Task statement => Transcribe the data that follows without changing a word, and omit the pictures.

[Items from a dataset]

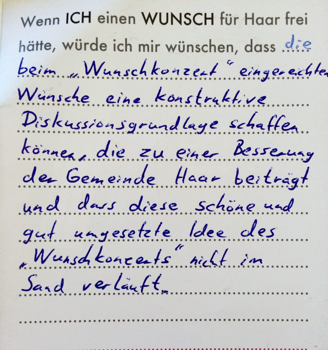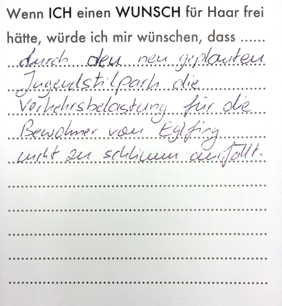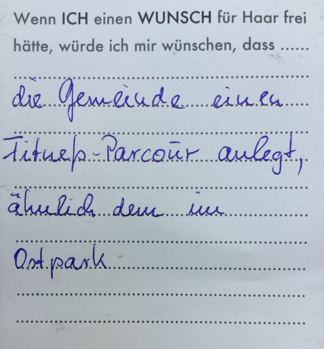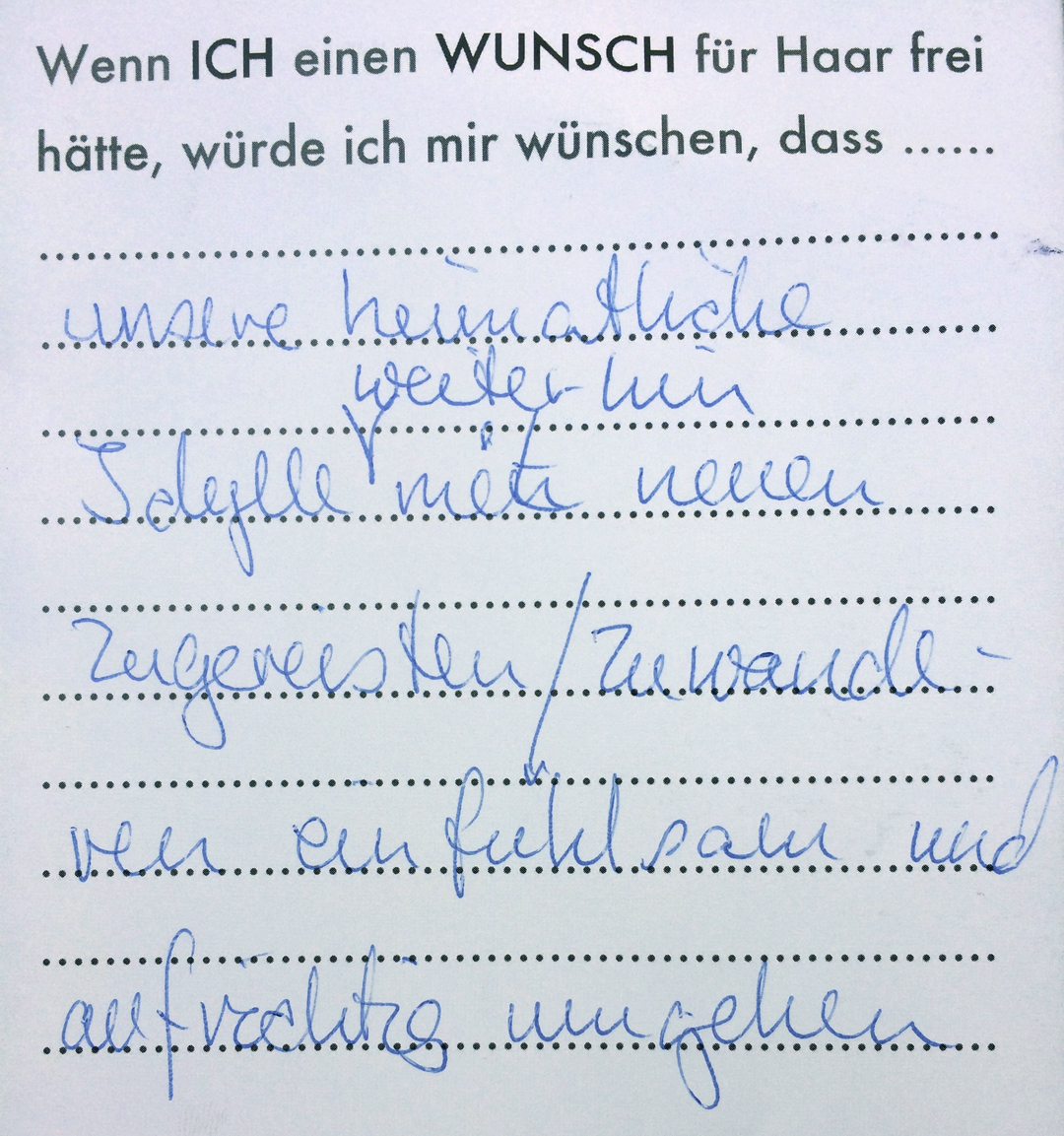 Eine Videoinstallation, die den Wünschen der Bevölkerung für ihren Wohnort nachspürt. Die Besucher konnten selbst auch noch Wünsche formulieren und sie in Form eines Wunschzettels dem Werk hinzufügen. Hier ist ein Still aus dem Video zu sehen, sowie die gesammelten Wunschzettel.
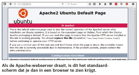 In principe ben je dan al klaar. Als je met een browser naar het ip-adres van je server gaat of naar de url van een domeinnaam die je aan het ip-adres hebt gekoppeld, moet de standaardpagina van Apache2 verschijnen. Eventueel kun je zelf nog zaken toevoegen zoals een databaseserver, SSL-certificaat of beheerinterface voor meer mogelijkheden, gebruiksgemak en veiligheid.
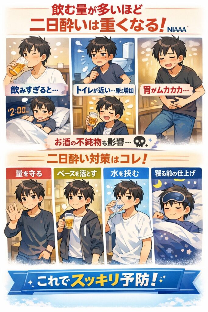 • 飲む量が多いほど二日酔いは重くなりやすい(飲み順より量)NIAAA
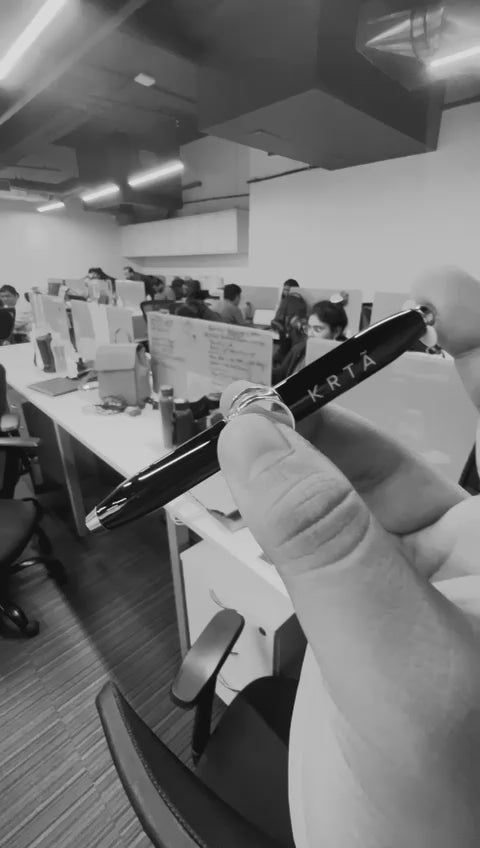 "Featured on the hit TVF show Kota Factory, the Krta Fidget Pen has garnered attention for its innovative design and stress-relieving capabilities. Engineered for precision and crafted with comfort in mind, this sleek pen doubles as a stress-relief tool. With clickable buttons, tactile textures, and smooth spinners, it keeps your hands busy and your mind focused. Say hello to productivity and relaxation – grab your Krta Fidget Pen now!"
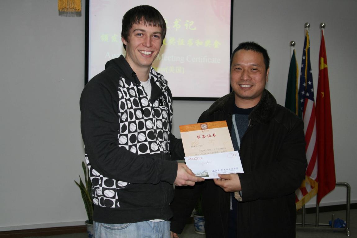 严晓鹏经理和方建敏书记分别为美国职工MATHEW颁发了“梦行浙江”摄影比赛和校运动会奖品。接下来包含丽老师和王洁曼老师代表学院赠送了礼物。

Expected answer =>
 Eine Videoinstallation, die den Wünschen der Bevölkerung für ihren Wohnort nachspürt. Die Besucher konnten selbst auch noch Wünsche formulieren und sie in Form eines Wunschzettels dem Werk hinzufügen. Hier ist ein Still aus dem Video zu sehen, sowie die gesammelten Wunschzettel.
 In principe ben je dan al klaar. Als je met een browser naar het ip-adres van je server gaat of naar de url van een domeinnaam die je aan het ip-adres hebt gekoppeld, moet de standaardpagina van Apache2 verschijnen. Eventueel kun je zelf nog zaken toevoegen zoals een databaseserver, SSL-certificaat of beheerinterface voor meer mogelijkheden, gebruiksgemak en veiligheid.
 • 飲む量が多いほど二日酔いは重くなりやすい(飲み順より量)NIAAA
 "Featured on the hit TVF show Kota Factory, the Krta Fidget Pen has garnered attention for its innovative design and stress-relieving capabilities. Engineered for precision and crafted with comfort in mind, this sleek pen doubles as a stress-relief tool. With clickable buttons, tactile textures, and smooth spinners, it keeps your hands busy and your mind focused. Say hello to productivity and relaxation – grab your Krta Fidget Pen now!"
 严晓鹏经理和方建敏书记分别为美国职工MATHEW颁发了“梦行浙江”摄影比赛和校运动会奖品。接下来包含丽老师和王洁曼老师代表学院赠送了礼物。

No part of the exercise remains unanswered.